Background: Identifying molecular alterations in thyroid cancer has led to successful targeted therapies particularly in RET (REarranged during Transfection) altered cancers. Medullary and differentiated thyroid cancer can harbor RET alterations upregulating intracellular oncogenic pathways, including RAS/RAF/ERK and P13-kinase/AKT pathways. In Phase II studies, selpercatinib, a novel selective RET inhibitor has shown objective responses of >70% and its appeal lies in its efficacy, but also its tolerable adverse effect profile compared with other MKIs. Gastrointestinal SE have not yet been reported in these patients.
Methods: Clinical data from 20 patients enrolled in a selpercatinib clinical trial at Royal North Shore Hospital were retrospectively reviewed. CT scans as per protocol were analysed by radiologists for signs of oedema and scored for inflammation.

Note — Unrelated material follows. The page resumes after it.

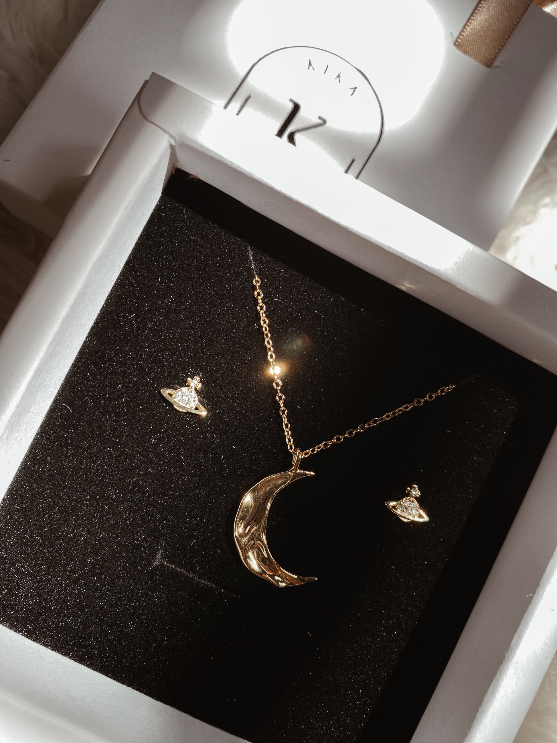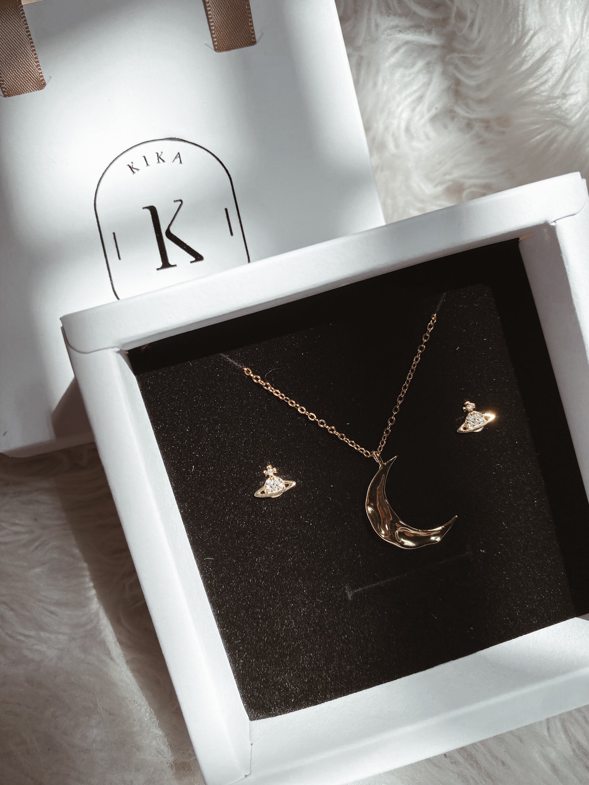 Abraza la magia del universo con nuestro Cosmic Dreams Set. Con delicados aretitos en forma de Saturno y una elegante cadena con luna, este set captura la belleza de las estrellas e invita a brillar con un encanto celestial.

Results: 10/20 (50%) of patients reported gastrointestinal adverse effects. The most common symptoms were changes in bowel habits (n=8), abdominal swelling (n-7), abdominal discomfort (n=7), anorexia and nausea. Weight changes were also observed and dose reductions occured in 40% of patients. Endoscopy and biospies were performed in 4 patients. Histopathology demonstrated mild non-specific mucosal oedema characterised by myxoid change in the lamina propria of the stomach and subtle accumulation of oedema fluid in the tips of the duodenal villi and submucosa. There was no histological evidence of inflammation and no increase in intra-epithelial lymphocytes.
Conclusion: We describe the clinical and histopathological presentation of a novel adverse effect of selepercatinib seen in a significant proportion of patients. This previously unreported adverse effect necessitated dose reductions. CT changes can be correlated with onset of symptoms. The presence of mucosal oedema observed histologically in conjunction with the radiological findings of congestion suggest that bowel wall oedema may be a mechanism of abdominal pain in these patients.